Amolops shuichengicus
- Conservation status: Data Deficient (IUCN 3.1)

Scientific classification
- Kingdom: Animalia
- Phylum: Chordata
- Class: Amphibia
- Order: Anura
- Family: Ranidae
- Genus: Amolops
- Species: A. shuichengicus
- Binomial name: Amolops shuichengicus Lyu & Wang, 2019

= Amolops shuichengicus =

- Genus: Amolops
- Species: shuichengicus
- Authority: Lyu & Wang, 2019
- Conservation status: DD

Species of frog

Amolops shuichengicus, the Shuicheng torrent frog, is a species of true frog from China.

== Description ==
The SVL of males is 35–40 mm and 49–56 mm in females. The dorsal side is brown with some green spots that may increase in density further towards the head. The flanks are green with dark dots. The lateral side of the snout is black starting from the tip, going over the eye and ending by the flanks. This line has a thinner white line running under it. The limbs have dark bands. The ventral side is white with the chin and limbs being orangeish. The ventral side of the head has some dark mottling.
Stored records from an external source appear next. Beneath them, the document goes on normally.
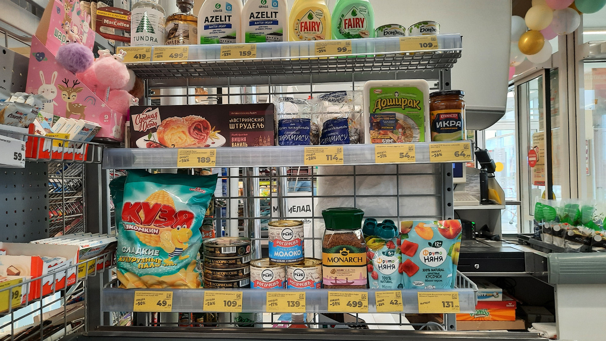 Приветствую всех на моем канале. Покажу вам витрину с товарами у кассы в Магните. Магазин находится по адресу Ростовская область, Зерноградский район, станица Мечётинская, улица Ленина, 50 Водка Tundra Nordic Nature 40 % 0.5 л цена со скидкой 419.99 руб. Виски Fowlers Зерновой 40 % 0.5 л цена 499.99 руб. Средство для обезжиривания на кухне Grass Azelit 650мл цена со скидкой 159.99 руб. Средство для мытья посуды Чайное дерево Мята / Ромашка Витамин Е Микс 450 мл цена со скидкой по карте 99.99 руб. Горошек зеленый Бондюэль 200 г цена 109.99 руб. Черемушки Пирог Австрийский штрудель вишня-ваниль 400 г цена со скидкой по карте 189.99 руб. Кулич пасхальный с начинкой Тирамису 180 г (Новокубанский ХК) цена со скидкой по карте 114.99 руб. Доширак Лапша курица 90 г цена со скидкой по карте 54.99 руб. Икра из кабачков Кухмастер 385 г стеклянная банка цена со скидкой по карте 64.99 руб. Кузя Лакомкин Кукурузные палочки в сахарной пудра 140 г цена со скидкой по карте 49.99 руб. Вкусные к
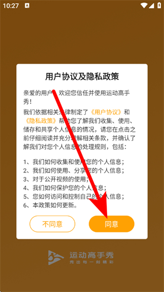 1、打開運動高手秀,在彈窗中點擊同意,進入登錄選擇頁面。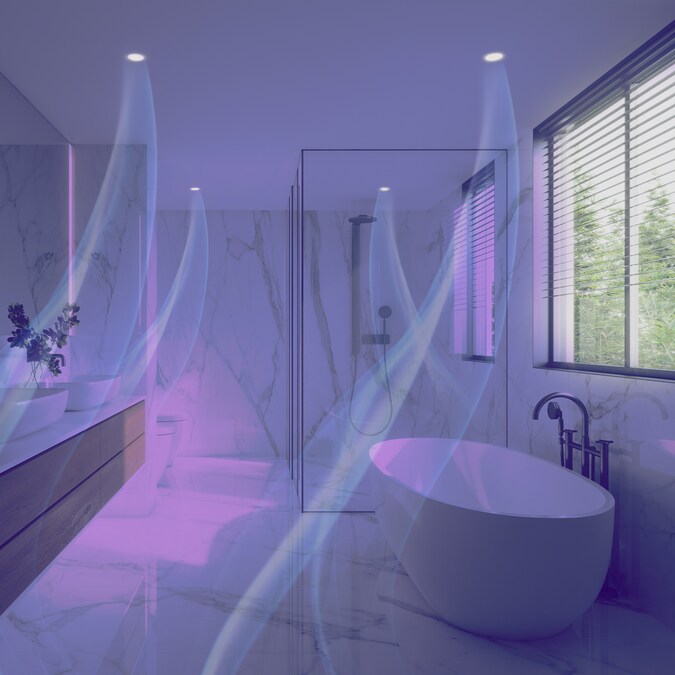 Testing on a non-enveloped virus (MS2 bacteriophage) showed a 99.985% reduction in controlled laboratory testing in 6 hours on hard surfaces. MRSA and E. coli showed 90+% reduction in controlled laboratory testing in 24 hours on hard surfaces. Results may vary depending on the amount of light that is reaching the surfaces in the space where the product is installed and the length of time of exposure. Use of Vyv antimicrobial light is not intended to replace manual cleaning. Discover the Brilli Bright Clean recessed shower light. The Brilli Bright Clean Antimicrobial Recessed LED Light Fixture (formerly known under the Ellumi brand) uses patented Antimicrobial LED technology to kill and stop the growth of viruses, bacteria, mold, mildew and fungi. Brilli Bright Clean technology doesn’t use ultraviolet (UV) light; so you can use it continuously around your family without worry. This technology is powered by Vyv, the market leader in UV-free Antimicrobial LEDs. Vyv provides solutions in many industries, including: health care, food safety and preparation, pharmaceutical and biotech manufacturing, consumer products and services, travel and hospitality, athletics and agriculture. This antimicrobial fixture is wet-rated, meaning it can be used above a shower or bath. It’s perfect for bathrooms, kitchens, laundry rooms, mud rooms, and basements. While surfaces in these spaces may look clean; cold and flu viruses, mold, fungi and bacteria such as E.coli and MRSA may be lurking around. This fixture has two lighting modes: Standard Lighting Mode, featuring a soft white light with an output of 1000 lumens, 3000K, and a color rendering of 90+, and violet antimicrobial mode, which features a purple light that stops the growth of, and kills microorganisms on surfaces. For best results, install the fixture up to nine feet from target surfaces. The retrofit kit makes this an easy installation for any DIY project for replacing your current recessed light.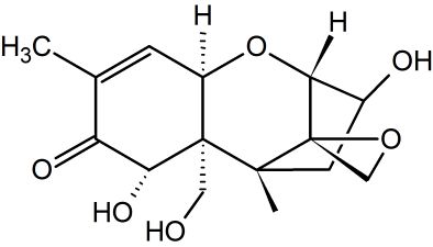嘔吐毒素主體成分為DON(deoxynivalenol, 脫氧雪腐鐮刀菌烯醇),屬于單端孢霉烯族化合物,主要由禾谷鐮刀菌、尖孢鐮刀菌、串珠鐮刀菌、擬枝孢鐮刀菌、粉紅鐮刀菌、雪腐鐮刀菌等鐮刀菌產(chǎn)生。另外,頭孢菌屬、漆班菌屬、木霉屬等的菌株都可產(chǎn)生該毒素。單端孢霉烯族毒素共有150多種,是一類強有力免疫抑制劑,所引起典型癥狀是采食量降低,所以這類毒素又叫飼料拒食毒素。嘔吐毒素(DON)是其中最重要一種毒素,主要來自鐮刀菌屬(Fusarium),尤其是禾谷鐮刀菌(Fusariumgraminearum)和黃色鐮刀菌(Fusarium culmorum)。由于它可以引起豬的嘔吐,故又名嘔吐毒素(vomitoxin,VT)。由于它可以引起豬的嘔吐而得名,對人體有一定危害作用,歐盟分類標(biāo)準(zhǔn)為三級致癌物。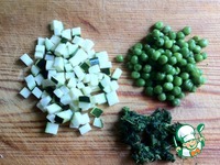 Размораживаем горошек и шпинат. Цуккини режем мелкими кубиками. |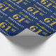 Ce design papier d’emballage comporte un message comme "61e ANNIVERSAIRE de FirstName!", le "61e" ayant une apparence de couleur fausse/imitation or. Le nom peut être customisé, et l'arrière - plan est de couleur bleue. Il pourrait peut-être être utilisé pour envelopper les cadeaux donnés pour le soixante et unième anniversaire de quelqu’un. [~Z0000181]
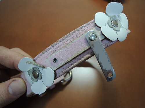 愛犬の首輪を修理しています。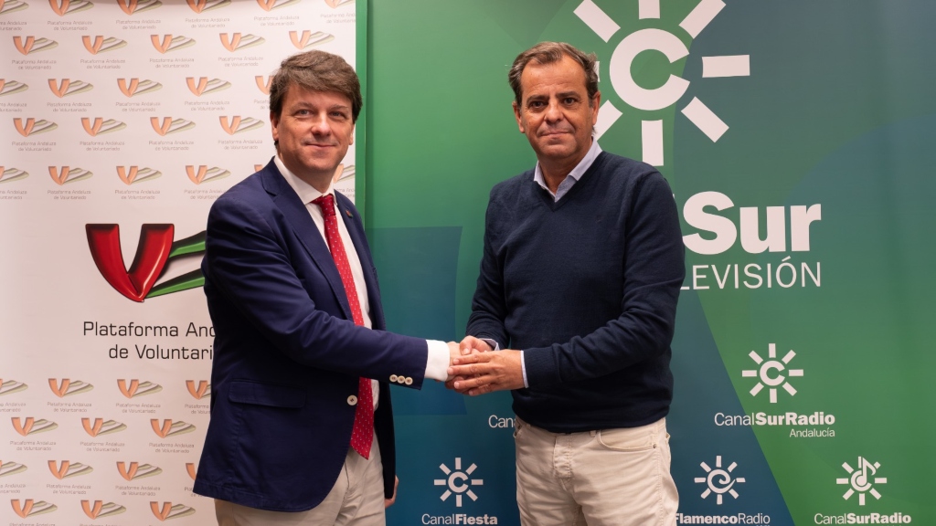El director general de Canal Sur, Juande Mellado, y el presidente de la Plataforma Andaluza de Voluntariado, Armando Rotea, han firmado el acuerdo este jueves. En el acto ha estado presente Juan Vargas, director de Innovación, Negocio y Comunicación de Radio y Televisión de Andalucía (RTVA).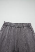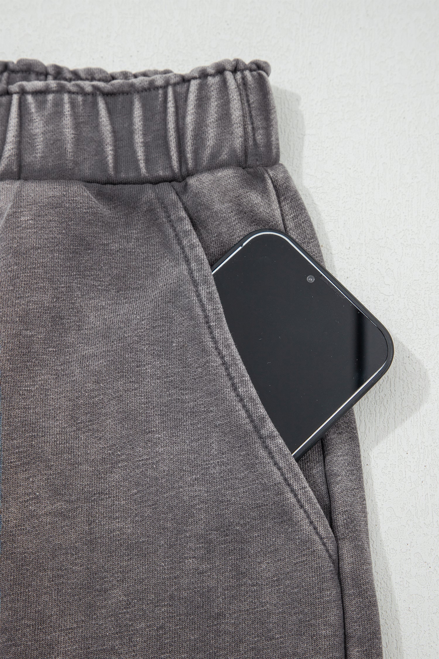 Gray Tied Elastic High Waist Pleated Detail Solid Sweatpants

== Distribution and ecology ==
Amolops shuichengicus is currently only found in the Yushe Forest Park, Shuicheng County, Guizhou Province. It is found in rocky torrents. They have been found sitting on leaves above the stream. The knowledge of the distribution and ecology is extremely limited for this species.

== Etymology ==
Both the common name and the scientific name come from the type locality, Shuicheng County.